I believe that they are excited when they tap their toes. Maybe the reason they don't do it when sick/stressed is because they dont have the energy?


----------



## waynowon (Jun 2, 2007)

talk about an instant response! thanks
heres one more for y'all- why does one of my azureus climb the glass? he will often do it after he eats(aid digestion?), and when there is a lot of condensation on glass(thirsty?), and also when something is blocking his view of the tv.(couch potato nature channel fan like owner?) or is it something more serious like;displaying dominence, or to escape something unpleasant ie temp, humidity, roomates ect?


----------



## Nillocean (Oct 3, 2008)

I have also been very curious to what this is. It is my belief (just a hypothesis) that we are merely seeing an increase in blood pressure. The frog reacts to movement, essentially putting itself into a hunting mode, the frog's body prepares for explosive movement ( i.e., the chase and eventual tongue flick which requires a significant amount of blood pressure) the heart rate dramatically increases and therefore increases the blood flow and the longest and smallest capillary shape (the long middle toe) courses with blood. I'm open to your criticism.


----------



## DenZ0r (Oct 19, 2007)

Could be a good point Nillocean! On our dutch forum there was a thread about this also.
Some scientist wrote an article in "Animal Behaviour" they were dutch ecologists (sp.)

They stated that some frogs tap their toes to attract feederanimals and to make them move.

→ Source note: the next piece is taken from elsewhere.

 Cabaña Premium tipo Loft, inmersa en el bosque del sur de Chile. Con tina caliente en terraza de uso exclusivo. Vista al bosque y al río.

If you guys whish I can try to translate the small article for you guys.

Grtz


----------



## DenZ0r (Oct 19, 2007)

I acctually allready translated the article...Well I tried hope you guys can make somehting of it.

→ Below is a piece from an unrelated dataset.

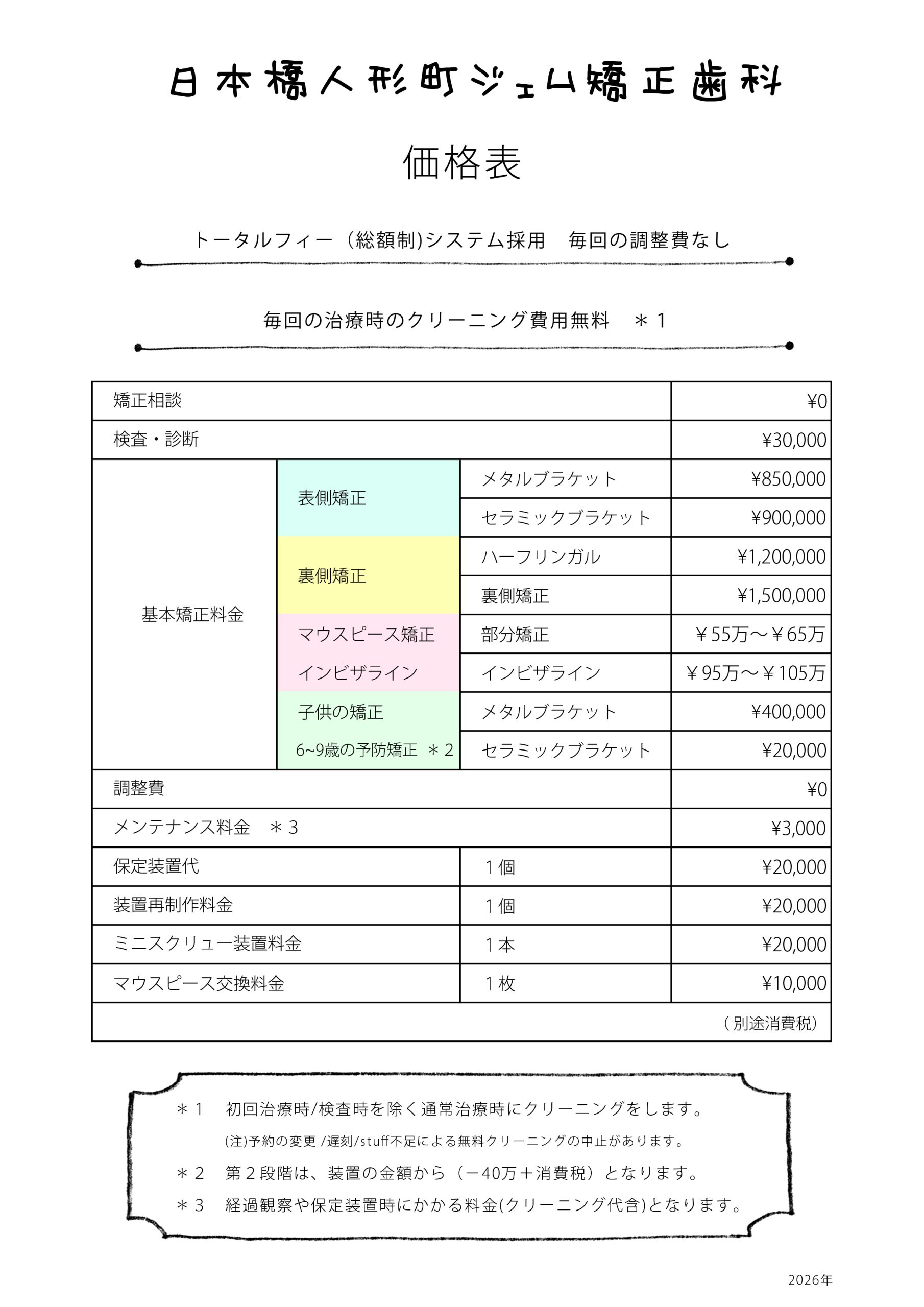 日本橋人形町ジェム矯正歯科の治療費は安心の定額制(トータルフィー)です

Its from : http://noorderlicht.vpro.nl/noorderlog/bericht/40235670/
Grtz!

*Ritmic Frogs*
_Translated by: Dennis Molenaar_

*Frogs drum. They do this to ensure that their prey keeps moving, two Dutch ecologists announced. If they don’t, they won’t see their prey. *

Some scientists believe they tap there toes in order to lure their prey. The moving toes of the Giant Toad (Bufo marinus) attracts little toads and frogs like a magnet. They get curious and move towards the Giant toad to disappear in his enormous mouth.

But not only the cannabalistic Giant Toad tapps his toes. A lot of other frogs and toads also do it, even though they do not eat other frogs, but insects. These insects don’t get wild by a twitching toe. Strange, ecologists John Sloggett and Ilja Zeilstra thought. 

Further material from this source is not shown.